Avec "Silent Jenny", Mathieu Bablet, édité chez Rue de Sèvres (Label 619), nous propose l'album qui clôture une trilogie démarré avec "shangri-la. Un album somptueux prenant place dans un monde flétri, où les survivants tentent tant bien que mal de recoller les pots cassés.

   Dans un futur sombre où les insectes pollinisateurs ont disparu après d’immenses bouleversements climatiques, l’humanité survit en grande partie à bord de “monades” : ces vaisseaux-villages motorisés qui errent sur des terres stériles. Jenny est biologiste, engagée dans une mission cruciale : retrouver les dernières traces d’ADN d’abeilles. Si l’espèce réapparaît, c’est l’espoir de restaurer un fragile équilibre, mais aussi de retrouver ce monde d’avant que beaucoup imaginent encore dans les récits et les souvenirs anciens.

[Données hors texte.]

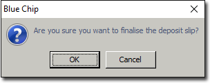You will be prompted to confirm that you want to finalise the deposit slip. Click OK. to confirm.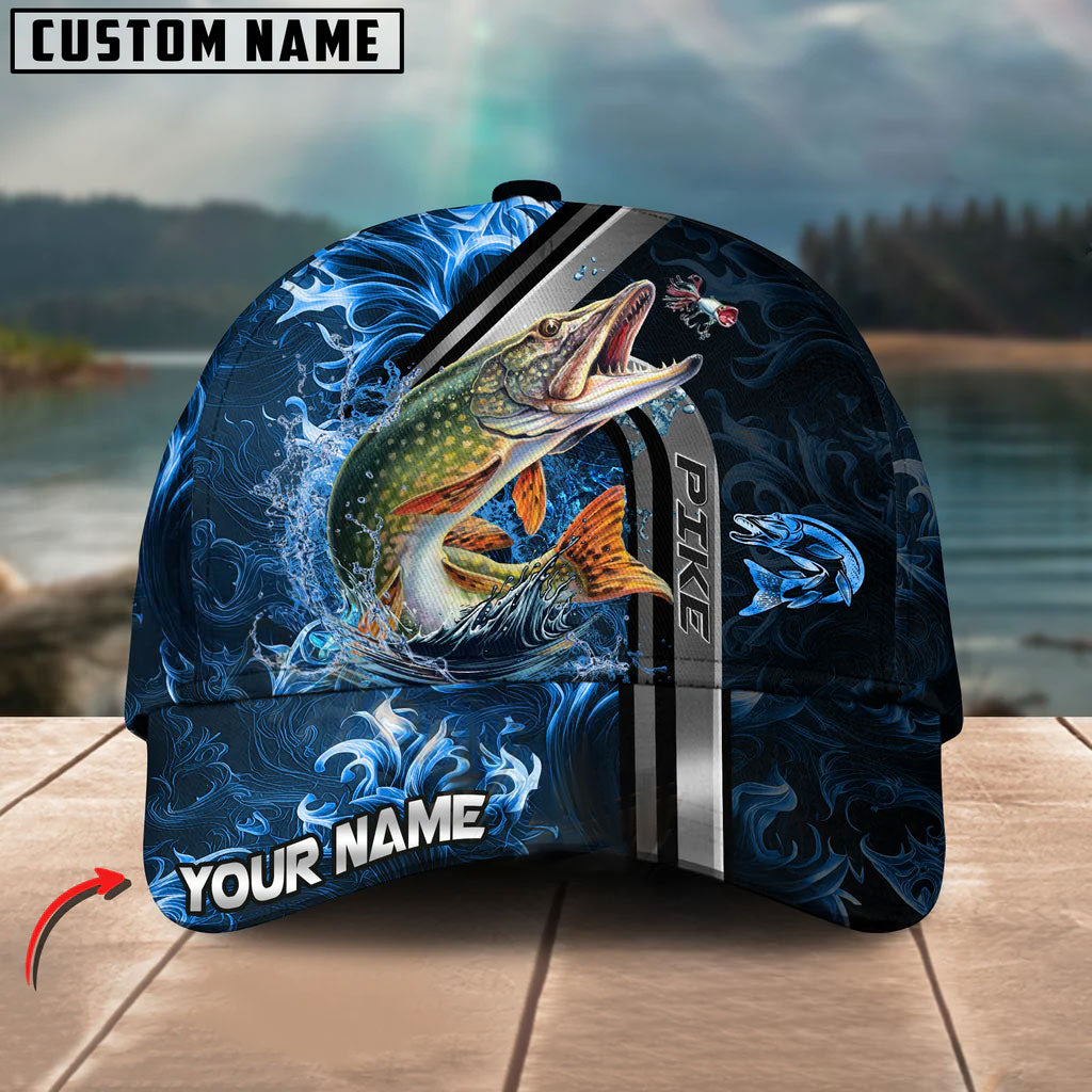 BlueJose Pike Fishing Ocean Wave Power Personalized Cap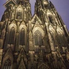 ケルンの中央駅を出るとすぐ目の前に現れます。その大きさから、おもわず「でかっ!!」と言ってしまいました。正面へ行くにはそこから回らなければならないのですが、写真に入らないほどの高さで、とてもすごいです。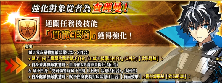 此外,于2025年12月31日(三)04:00至2026年1月8日(四)03:59期间,每日的首次登入游戏,将播放附带来自「查理曼」语音的登入剧情。当登入剧情播放结束后,可以领取对应活动奖励,包含呼符、占星茶壶及指令纹章「★4(SR)揭示王威的辉剑」等。
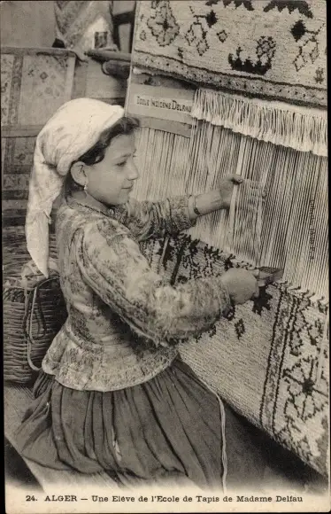 Ak Algier Alger Algerien, Une Eléve de l'École de Tapis de Madame Delfau

   Jenny vit à bord du Cherche-Midi, l’une de ces monades, et elle doit affronter la désolation des paysages, la désespérance collective, et la surveillance ou l’opposition de factions humaines opposées, notamment la PuysCorp ou les Mange-Cailloux, qui vivent en marge. À chaque plongée dans la mémoire biologique, elle soulève des cicatrices invisibles : souvenirs en lambeaux, faux espoirs, échecs anciens. L’enjeu n’est pas seulement scientifique, mais moral : jusqu’où ira-t-elle pour restaurer ce qui semble irrémédiablement perdu ?
   Mathieu Bablet installe une tension subtile mais constante. L’intrigue mêle exploration scientifique, quête identitaire, et dystopie. Le temps semble ralentir dans les scènes contemplatives — Jenny scrutant des fragments ADN, fouillant d’anciennes archives — puis s’accélérer dès que surgissent les obstacles humains ou naturels. Le rythme est équilibré entre spleen de la perte et espoir. Le personnage de Jenny est bien dessiné : déterminée, vulnérable, blessée par le passé, mais sans être héroïque au sens cliché. Ce mélange de résilience et de doute donne de la profondeur au récit.

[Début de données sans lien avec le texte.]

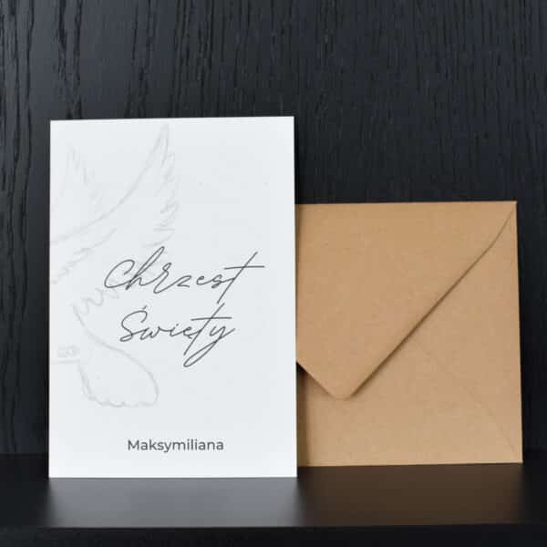 Nowoczesne zaproszenie na Chrzest Święty składane do rozmiaru 12×17 cm z motywem gołębia. Zadrukowane dwustronnie na białym papierze o gramaturze 300g. W zestawie z kraftową kopertą w rozmiarze B6.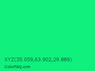 XYZ 35.059,63.902,29.889 Color is a normal green color and the nearest color is Spring Green #00ff7f. Hex code #0ff07d and RGB value is rgb(15,240,125). In RGB color space, this color is composed of 6% red, 94% green, 49% blue, In CMYK color space, this color is composed of 94% cyan, 0% magenta, 48% yellow , 6% black , In HSL color space, this color has a hue angle of 149° , 88% saturation and 50% lightness.

   Graphiquement, l’album frappe par sa maîtrise visuelle. Le monde est désolé, creusé par la sécheresse, la poussière, les cieux lourds. Bablet joue des décors quasi-désertiques et des architectures rouillées des monades pour évoquer à la fois la perte et la dérive. Le trait est net, souvent précis dans les détails scientifiques et technologiques, mais aussi capable de douceur dans les scènes plus intimes. Les couleurs oscillent entre des teintes ternes, presque grisâtres, et des touches plus vives lors des moments d’espoir. La mise en page contribue à nous ancrer dans le récit, faite de larges scènes panoramiques pour montrer l'étendue du désert, et de cases serrées pour les moments de tension ou de solitude écrasante.
   Silent Jenny est une œuvre ambitieuse : elle ne se contente pas de poser un univers post-apocalyptique, elle le fait respirer, le rend tangible, le mêle à des questions délicates sur la mémoire, l’écologie, et ce que nous sommes prêts à sacrifier pour retrouver ce que le monde a perdu. Jenny incarne cet entre-deux : ni idéaliste naïve, ni cynique désabusée, mais une femme qui regarde le passé pour y puiser une force.
Un récit rondement mené qui vient clôturer avec brio ce triptyque démarré avec Shangri-La. Une œuvre majeure qui nous donne à voir, une fois de plus, l'étendue des capacités de cet auteur complet.